**TASK TO COMPLETE:** Write out the data word for word, taking care that no picture is carried over.

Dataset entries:
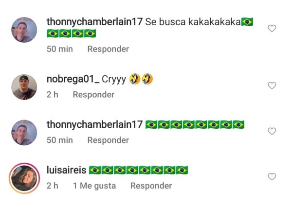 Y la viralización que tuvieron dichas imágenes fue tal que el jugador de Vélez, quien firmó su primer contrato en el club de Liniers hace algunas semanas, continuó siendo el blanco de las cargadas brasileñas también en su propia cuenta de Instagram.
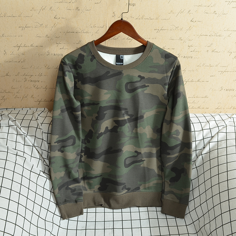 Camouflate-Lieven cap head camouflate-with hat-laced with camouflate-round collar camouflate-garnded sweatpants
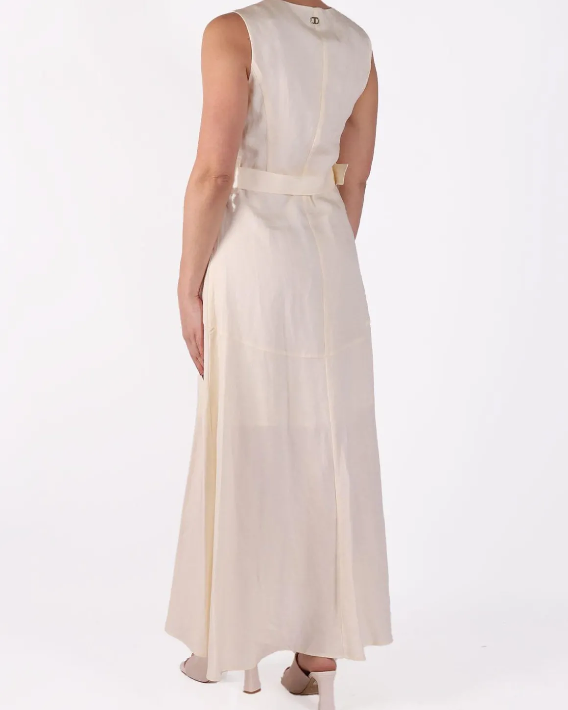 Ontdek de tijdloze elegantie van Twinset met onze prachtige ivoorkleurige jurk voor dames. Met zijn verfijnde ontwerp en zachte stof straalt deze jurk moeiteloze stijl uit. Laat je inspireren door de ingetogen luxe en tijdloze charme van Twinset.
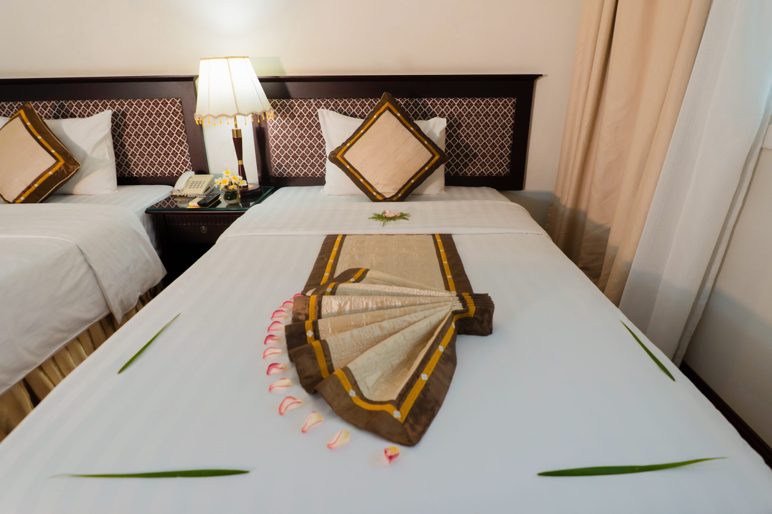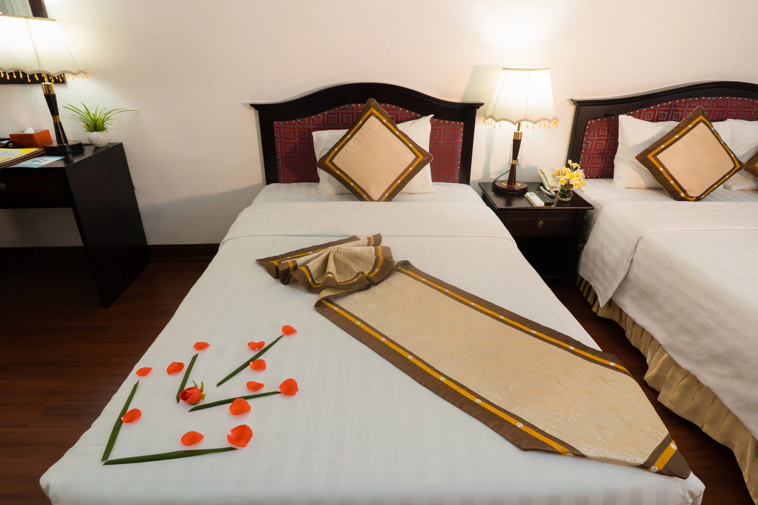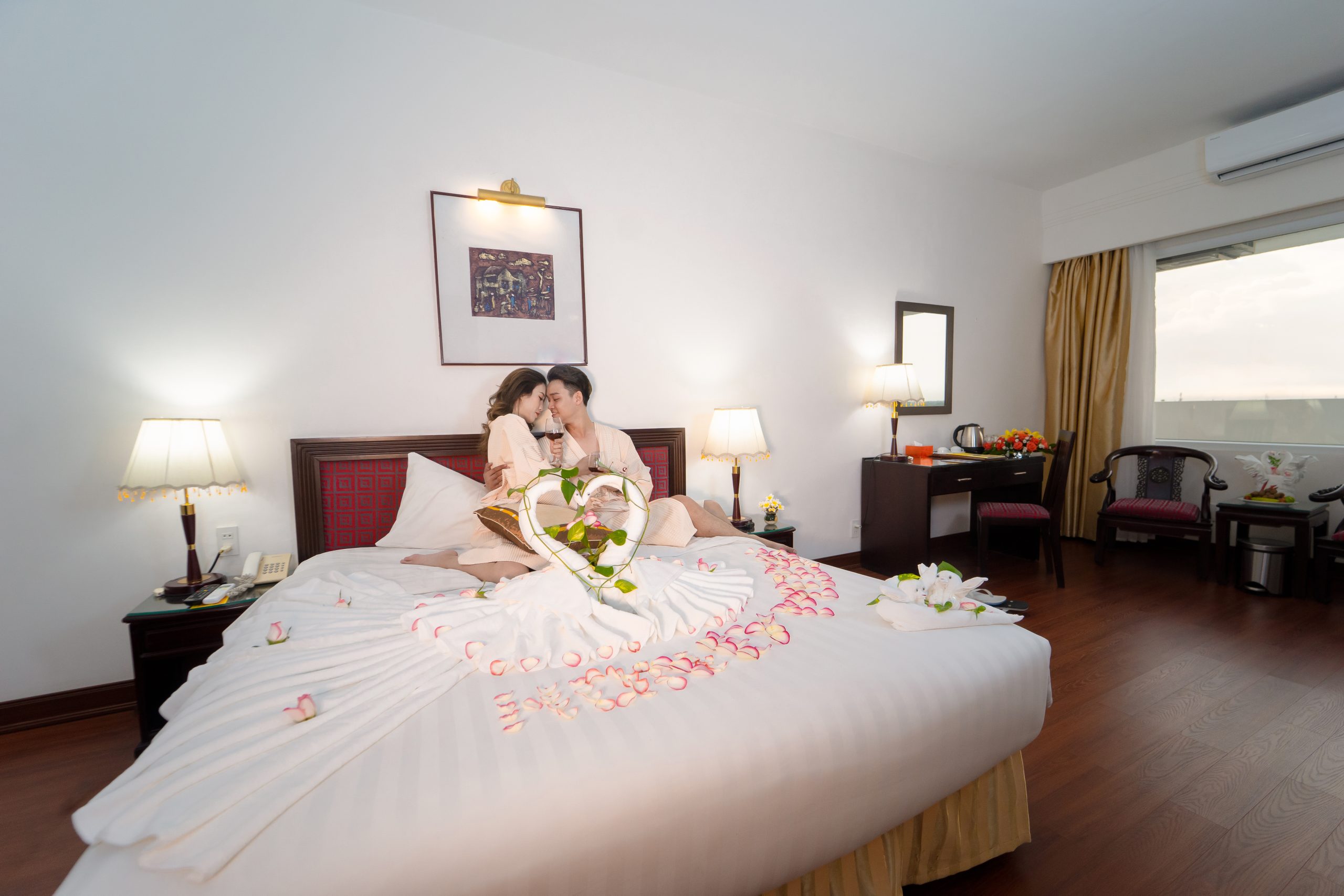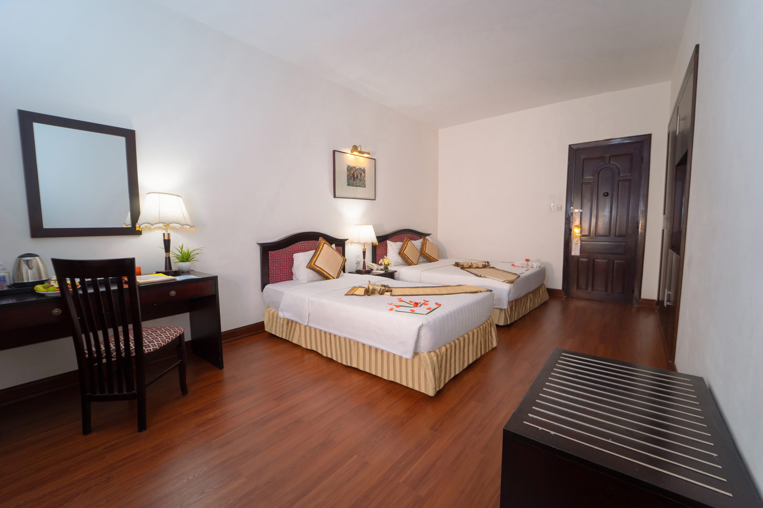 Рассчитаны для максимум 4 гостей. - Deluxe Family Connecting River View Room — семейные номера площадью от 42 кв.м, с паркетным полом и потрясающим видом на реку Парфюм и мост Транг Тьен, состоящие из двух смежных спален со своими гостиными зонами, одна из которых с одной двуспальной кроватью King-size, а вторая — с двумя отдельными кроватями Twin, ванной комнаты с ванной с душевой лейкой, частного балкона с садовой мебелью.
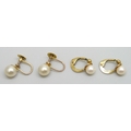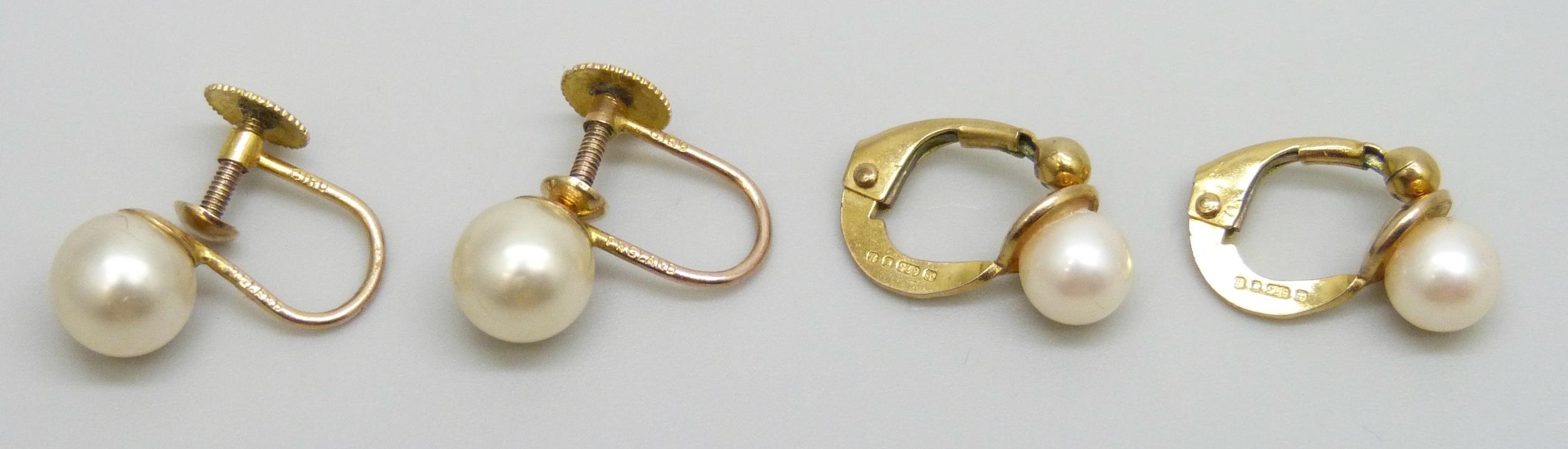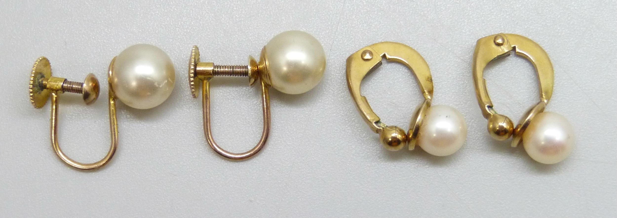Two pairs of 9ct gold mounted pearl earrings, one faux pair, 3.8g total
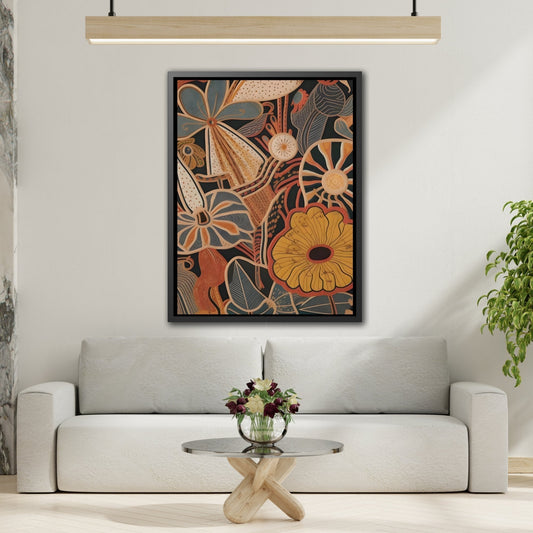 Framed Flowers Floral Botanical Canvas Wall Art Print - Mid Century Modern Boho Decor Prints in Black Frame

**SOLUTION FOR THIS EXERCISE:**
 Y la viralización que tuvieron dichas imágenes fue tal que el jugador de Vélez, quien firmó su primer contrato en el club de Liniers hace algunas semanas, continuó siendo el blanco de las cargadas brasileñas también en su propia cuenta de Instagram.
 Camouflate-Lieven cap head camouflate-with hat-laced with camouflate-round collar camouflate-garnded sweatpants
 Ontdek de tijdloze elegantie van Twinset met onze prachtige ivoorkleurige jurk voor dames. Met zijn verfijnde ontwerp en zachte stof straalt deze jurk moeiteloze stijl uit. Laat je inspireren door de ingetogen luxe en tijdloze charme van Twinset.
 Рассчитаны для максимум 4 гостей. - Deluxe Family Connecting River View Room — семейные номера площадью от 42 кв.м, с паркетным полом и потрясающим видом на реку Парфюм и мост Транг Тьен, состоящие из двух смежных спален со своими гостиными зонами, одна из которых с одной двуспальной кроватью King-size, а вторая — с двумя отдельными кроватями Twin, ванной комнаты с ванной с душевой лейкой, частного балкона с садовой мебелью.
Two pairs of 9ct gold mounted pearl earrings, one faux pair, 3.8g total
 Framed Flowers Floral Botanical Canvas Wall Art Print - Mid Century Modern Boho Decor Prints in Black Frame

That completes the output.